▶ WHAT IS EXPECTED: The data below should be printed in full, exactly, and without any of its images.

▶ ENTRIES PROVIDED:
• • • • •

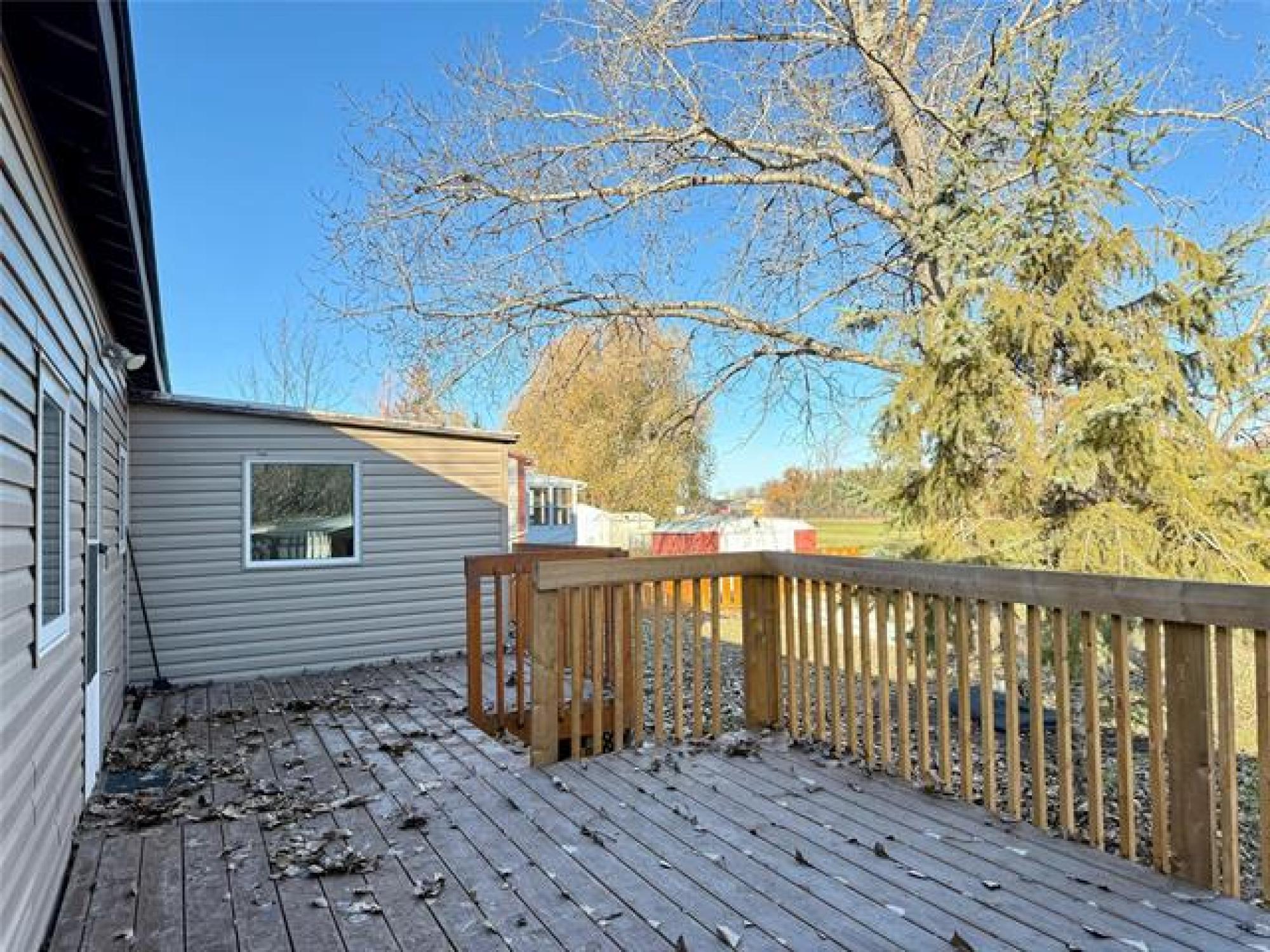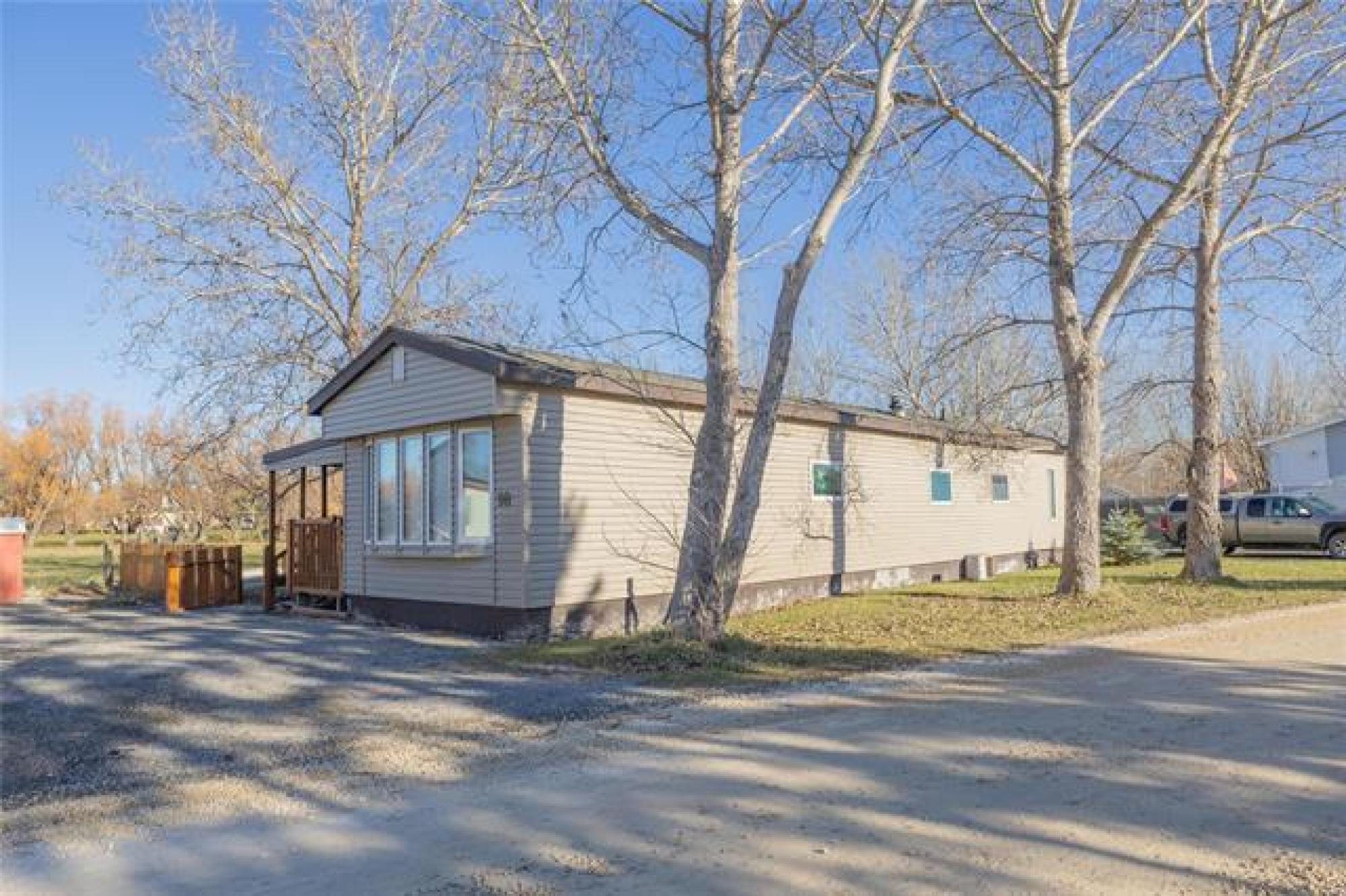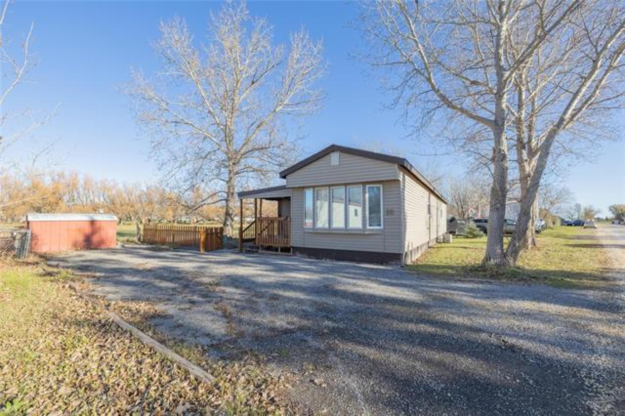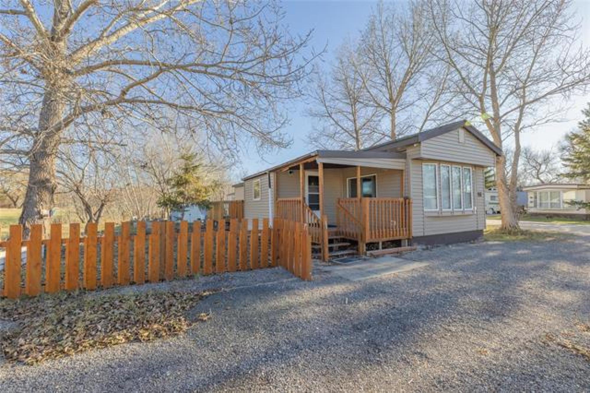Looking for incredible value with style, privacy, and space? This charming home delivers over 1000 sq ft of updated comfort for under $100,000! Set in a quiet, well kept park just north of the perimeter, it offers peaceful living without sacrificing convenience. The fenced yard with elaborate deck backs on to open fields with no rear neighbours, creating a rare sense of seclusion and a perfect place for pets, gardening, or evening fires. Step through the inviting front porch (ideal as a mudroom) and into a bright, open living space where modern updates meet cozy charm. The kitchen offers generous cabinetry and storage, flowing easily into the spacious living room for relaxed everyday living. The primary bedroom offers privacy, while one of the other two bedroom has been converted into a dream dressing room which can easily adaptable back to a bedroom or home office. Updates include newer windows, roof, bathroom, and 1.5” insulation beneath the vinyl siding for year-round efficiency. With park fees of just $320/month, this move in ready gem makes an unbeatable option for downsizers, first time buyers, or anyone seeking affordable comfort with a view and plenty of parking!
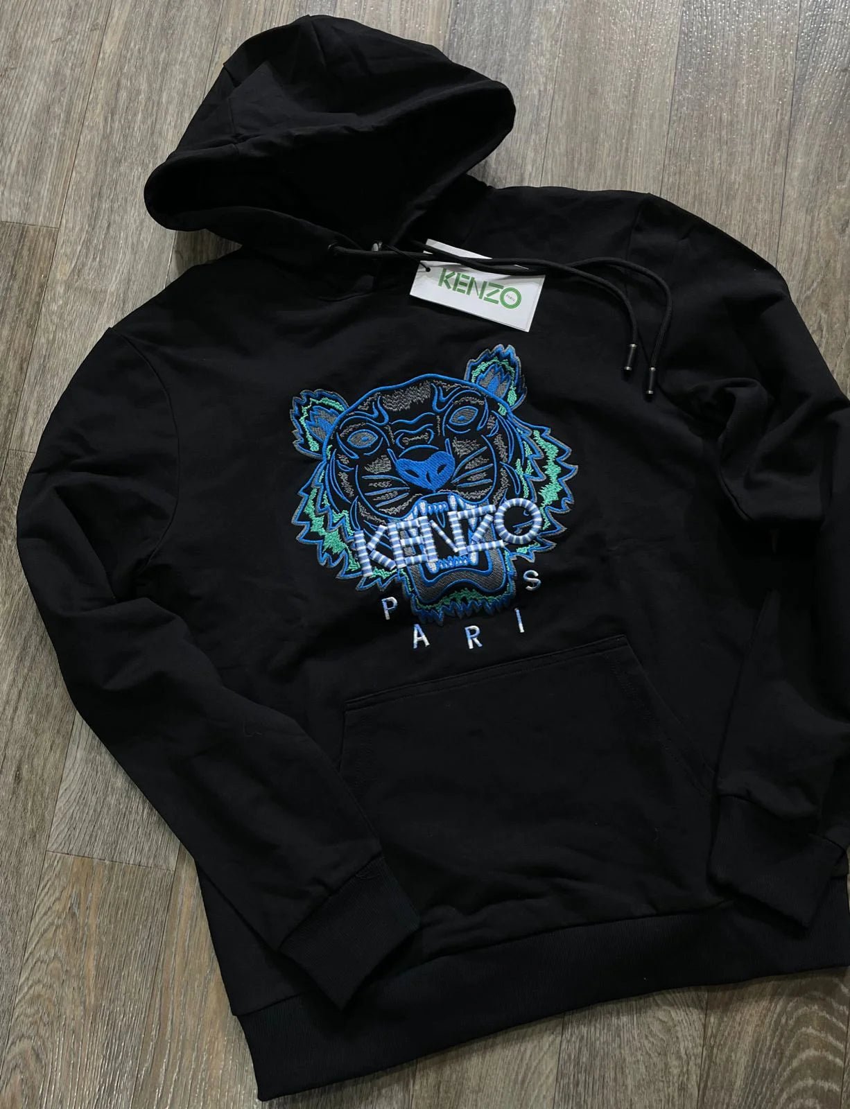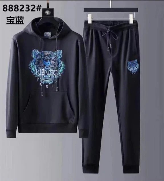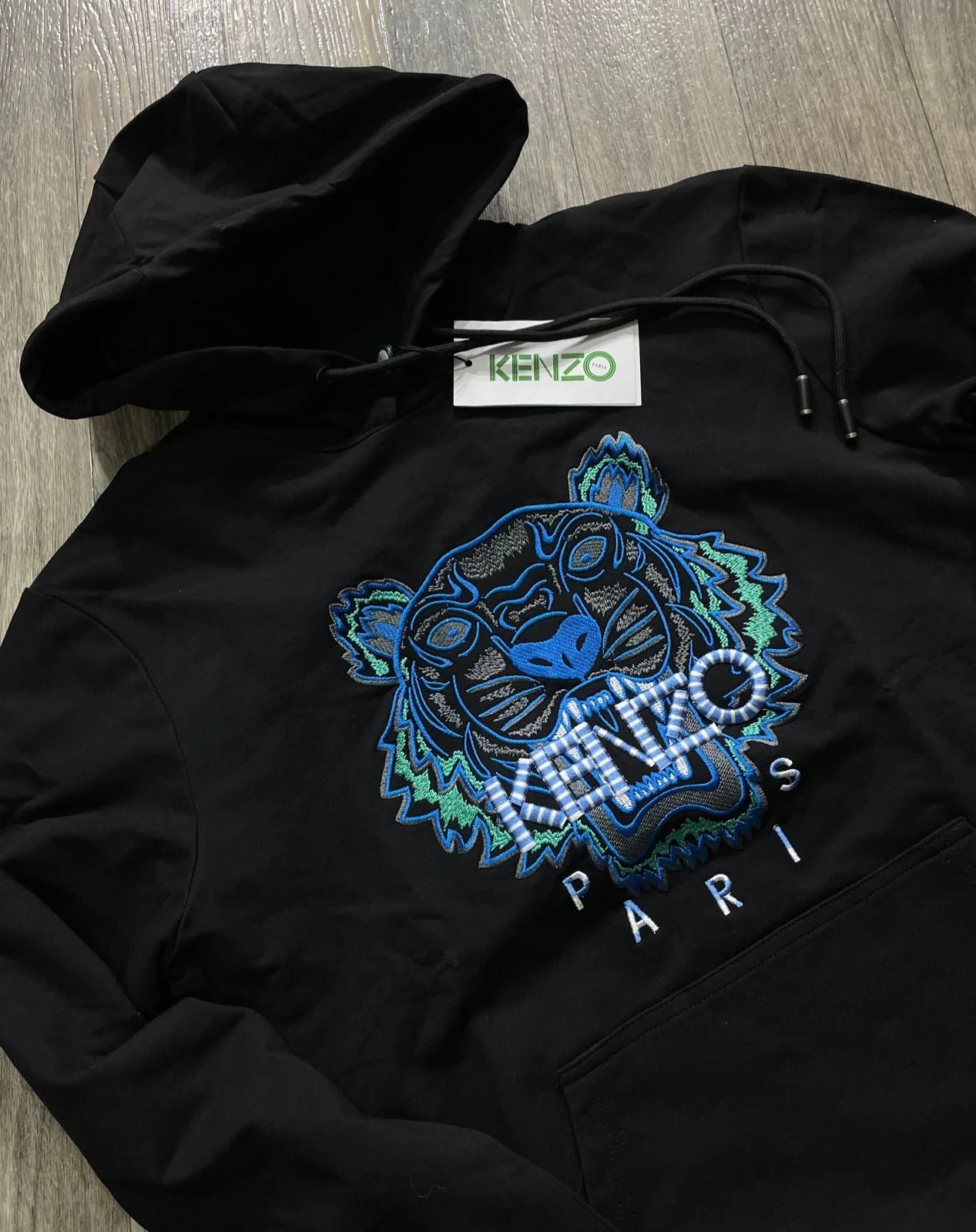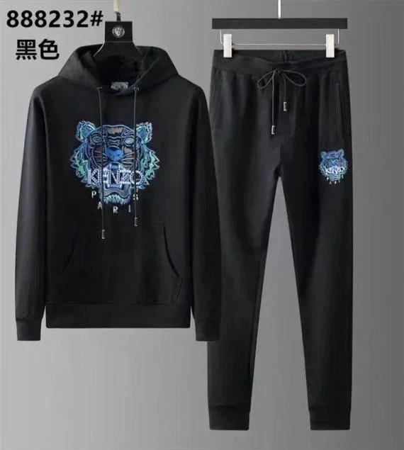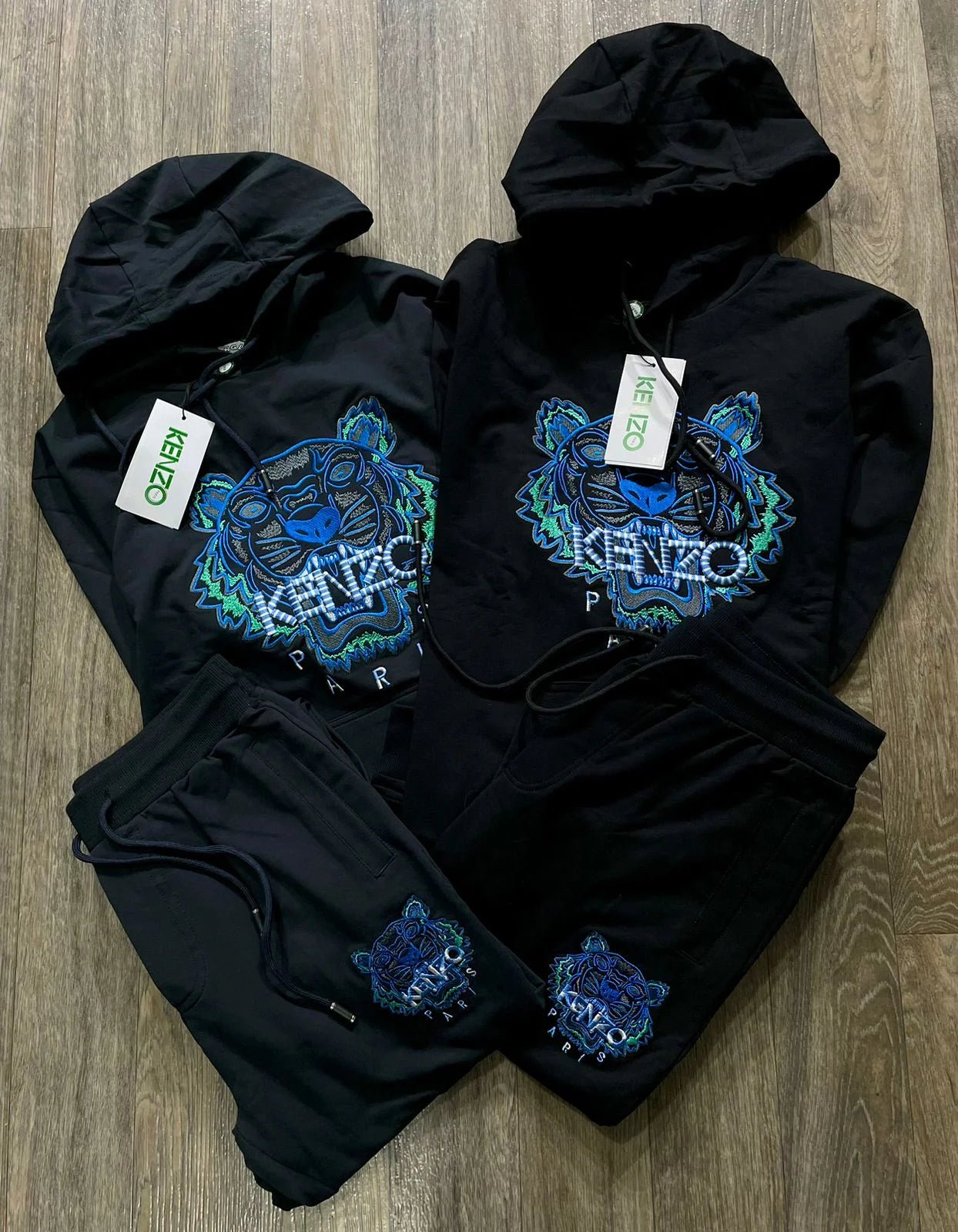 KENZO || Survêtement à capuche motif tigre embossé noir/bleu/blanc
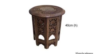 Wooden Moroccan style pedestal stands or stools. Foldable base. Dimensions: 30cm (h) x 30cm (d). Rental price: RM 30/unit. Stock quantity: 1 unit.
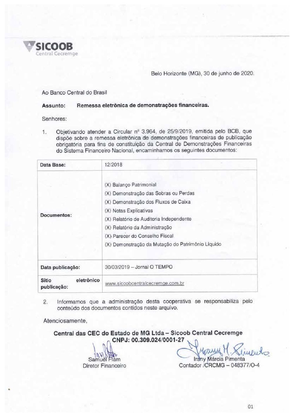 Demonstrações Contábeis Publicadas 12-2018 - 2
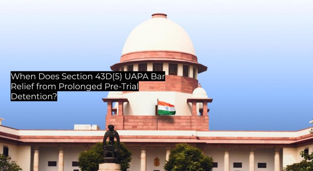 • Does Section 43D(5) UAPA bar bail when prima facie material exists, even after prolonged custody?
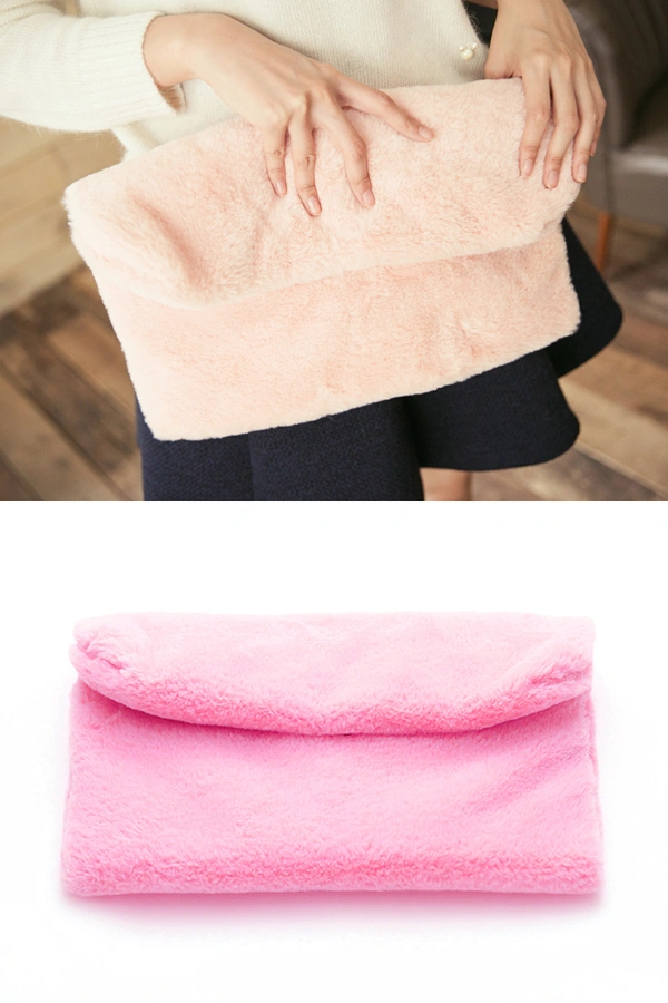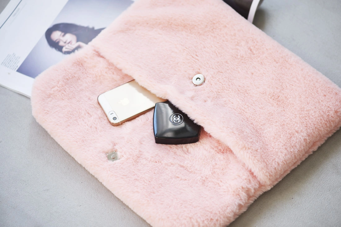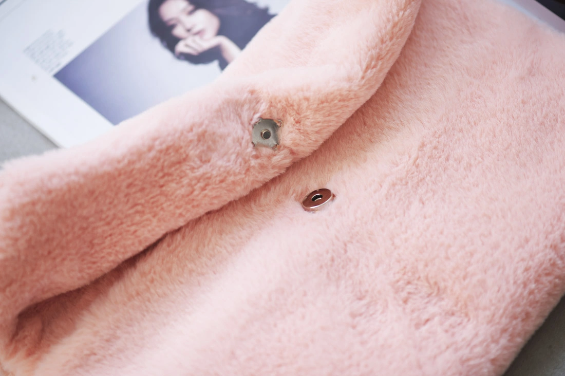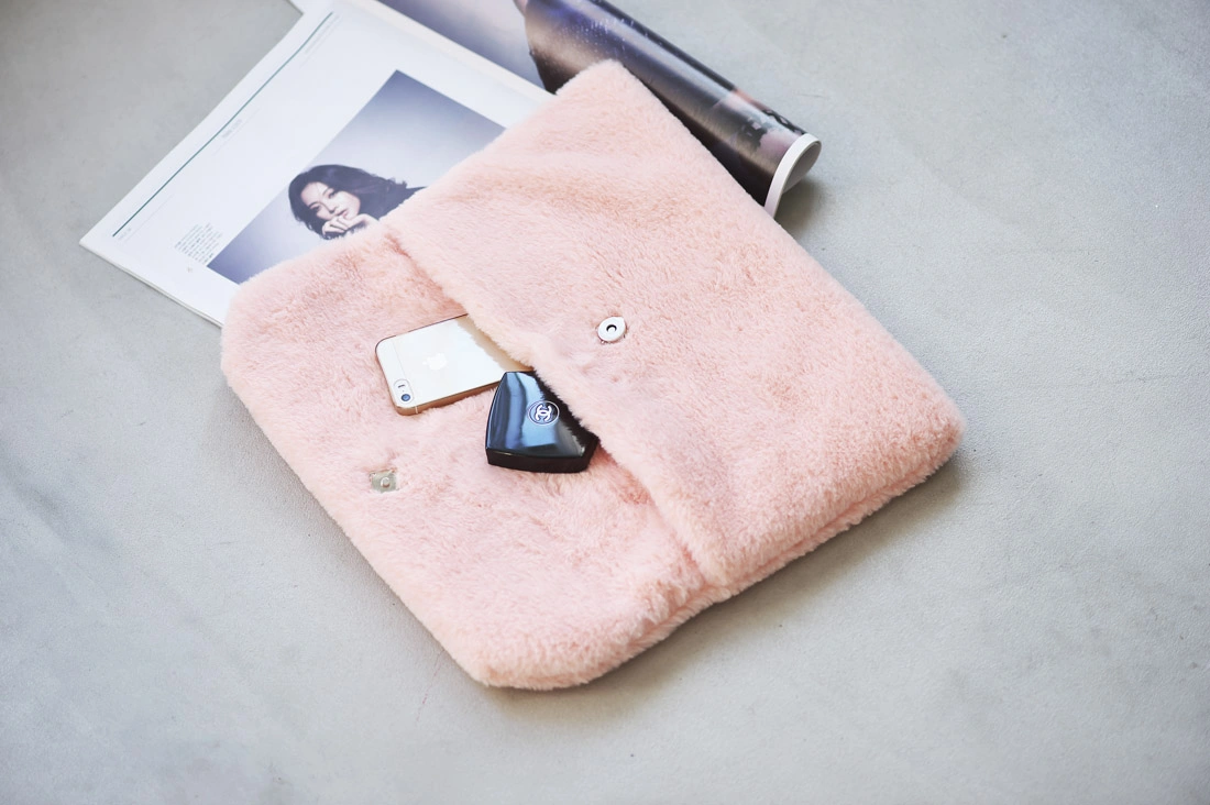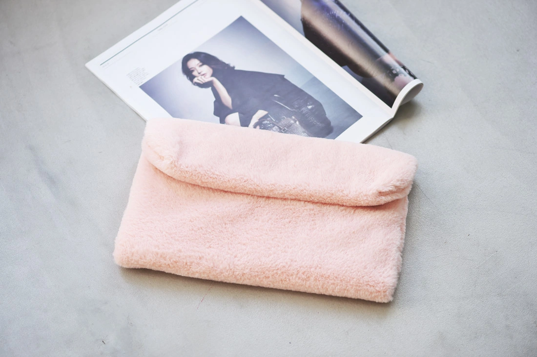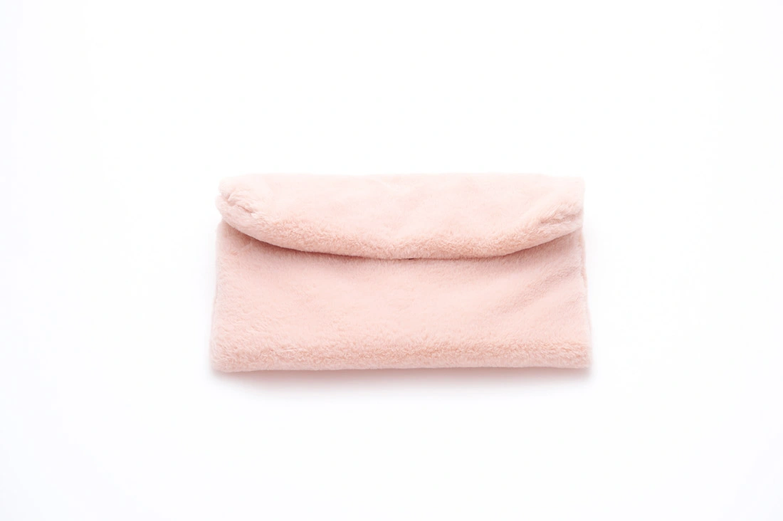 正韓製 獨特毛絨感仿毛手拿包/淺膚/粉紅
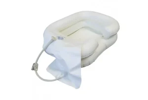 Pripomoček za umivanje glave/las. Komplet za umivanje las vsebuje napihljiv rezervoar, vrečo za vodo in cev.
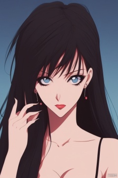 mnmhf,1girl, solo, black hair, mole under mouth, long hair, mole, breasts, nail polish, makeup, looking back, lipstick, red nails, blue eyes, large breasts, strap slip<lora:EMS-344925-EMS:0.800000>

• • • • •

▶ YOUR SOLUTION:
Looking for incredible value with style, privacy, and space? This charming home delivers over 1000 sq ft of updated comfort for under $100,000! Set in a quiet, well kept park just north of the perimeter, it offers peaceful living without sacrificing convenience. The fenced yard with elaborate deck backs on to open fields with no rear neighbours, creating a rare sense of seclusion and a perfect place for pets, gardening, or evening fires. Step through the inviting front porch (ideal as a mudroom) and into a bright, open living space where modern updates meet cozy charm. The kitchen offers generous cabinetry and storage, flowing easily into the spacious living room for relaxed everyday living. The primary bedroom offers privacy, while one of the other two bedroom has been converted into a dream dressing room which can easily adaptable back to a bedroom or home office. Updates include newer windows, roof, bathroom, and 1.5” insulation beneath the vinyl siding for year-round efficiency. With park fees of just $320/month, this move in ready gem makes an unbeatable option for downsizers, first time buyers, or anyone seeking affordable comfort with a view and plenty of parking!
 KENZO || Survêtement à capuche motif tigre embossé noir/bleu/blanc
 Wooden Moroccan style pedestal stands or stools. Foldable base. Dimensions: 30cm (h) x 30cm (d). Rental price: RM 30/unit. Stock quantity: 1 unit.
 Demonstrações Contábeis Publicadas 12-2018 - 2
 • Does Section 43D(5) UAPA bar bail when prima facie material exists, even after prolonged custody?
 正韓製 獨特毛絨感仿毛手拿包/淺膚/粉紅
 Pripomoček za umivanje glave/las. Komplet za umivanje las vsebuje napihljiv rezervoar, vrečo za vodo in cev.
 mnmhf,1girl, solo, black hair, mole under mouth, long hair, mole, breasts, nail polish, makeup, looking back, lipstick, red nails, blue eyes, large breasts, strap slip<lora:EMS-344925-EMS:0.800000>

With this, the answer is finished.